Figure 6 A section of the Sun. Energy from nuclear reactions in the core flows out to the surface, supporting the Sun against the inward ...

Figure 6 shows a slice through the Sun. Because of the extremely high temperatures, the hydrogen and helium in the Sun exist in an ionised state called plasma, in which electrons and nuclei are split apart.

The energy produced by the nuclear reactions in the core supports the Sun against gravity in two ways. The first of these is kinetic pressure, which is simply the pressure caused by the high temperatures and dense material. The second type of pressure is radiation pressure. This is pressure exerted by energy travelling outwards towards the surface. The zigzag line in the inner layers shows the radiation colliding many times with charged particles in the plasma, resulting in an outward force.

The same processes in other stars keep them stable throughout their main-sequence lifetimes, maintaining an equilibrium between the inward pressure of gravity and the outward kinetic and radiation pressure as long as energy continues to be produced at a constant rate.

This helps us to understand the role of mass in determining the overall luminosity of a star. Stars on the main sequence are stable. For such a star to remain in equilibrium, with a constant temperature and luminosity, the rate at which energy is radiated from its surface has to be equal to the rate at which energy is being produced in the core (otherwise it would heat up or cool down). The luminosity therefore depends on conditions in the core, which in turn depend on the mass of the star.

In more massive stars the greater inward force of gravity produces higher temperatures and pressures, requiring a higher rate of energy production to support the star. The nuclear reactions of the ppI chain are extremely sensitive to conditions in the core, running faster as the temperature and pressure increase. This means that stars of different masses can be stable, with more massive stars having a higher luminosity and consuming nuclear fuel at a higher rate in order to be supported against the extra gravity.

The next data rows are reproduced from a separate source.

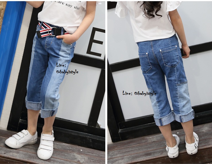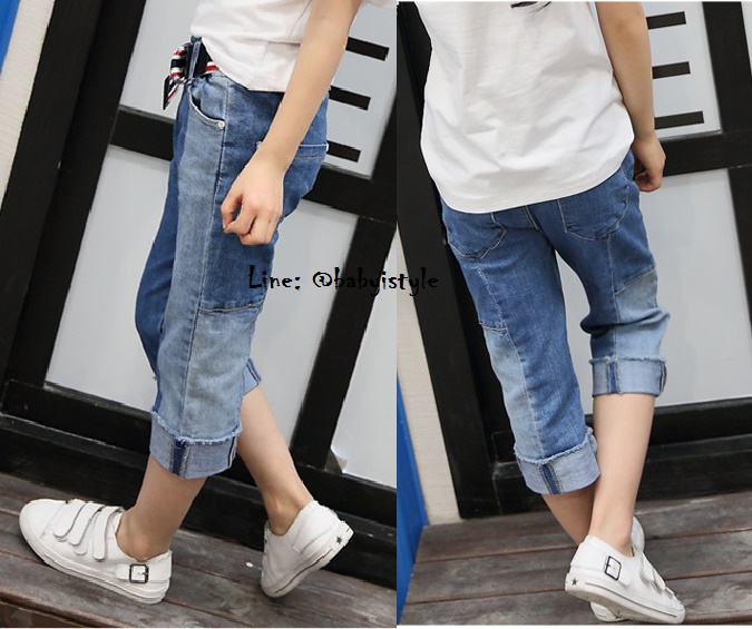 เด็กโต-กางเกงยีนส์สีทูโทน 3 ส่วนพับขาเบิ้ล (ไม่มีเข็มขัด)
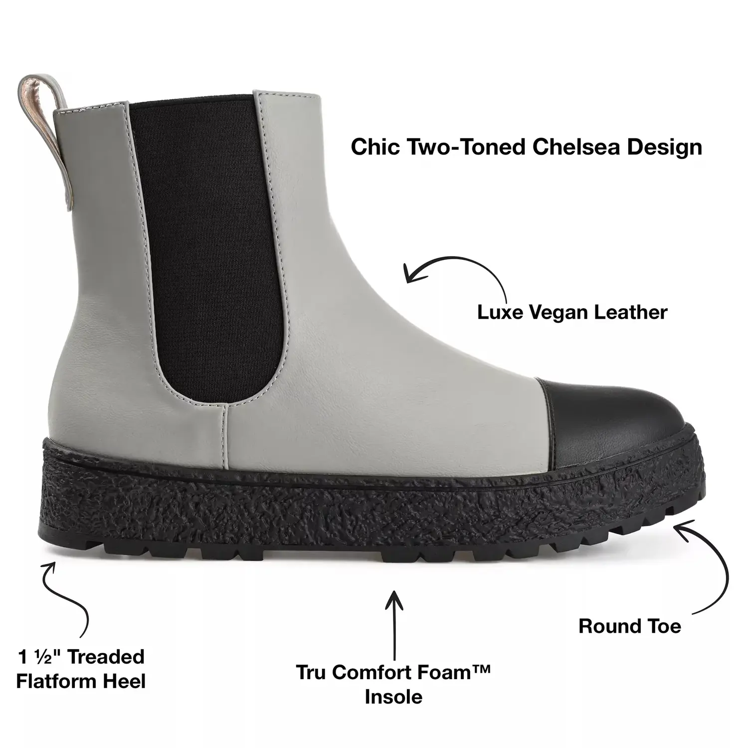 Добавьте множество стиля в ваш зимний образ с ботинками Jenie Chelsea от Journee Collection. Изготовленные в высоком профиле, эти веганские синтетические ботинки имеют эластичные вставки и заднюю петлю для легкого надевания, а также стельку из Tru Comfort Foam для комфорта. Благодаря протекторами подошвы с ярко выраженным рисунком, вы можете уверенно ходить даже по скользким дорогам.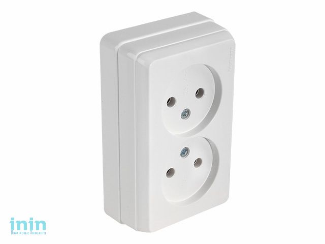 Розетка 2-ая (открытая, б/з) белая, BRON, MUTLUSAN (16 A, 250 V, IP 20)

The increase in luminosity is striking (as Figure 4 shows). Stars of just a few solar masses can have luminosities hundreds or even thousands of times more than the Sun. In addition to higher temperatures at the surface, more massive stars are also larger, and both of these factors contribute to the overall luminosity. At the top end of the scale, extreme conditions in the cores of heavy stars enable additional types of nuclear reaction to take place, converting hydrogen to helium at an even higher rate, meaning that stars of 30 solar masses have energy outputs of around 100 000 times that of the Sun.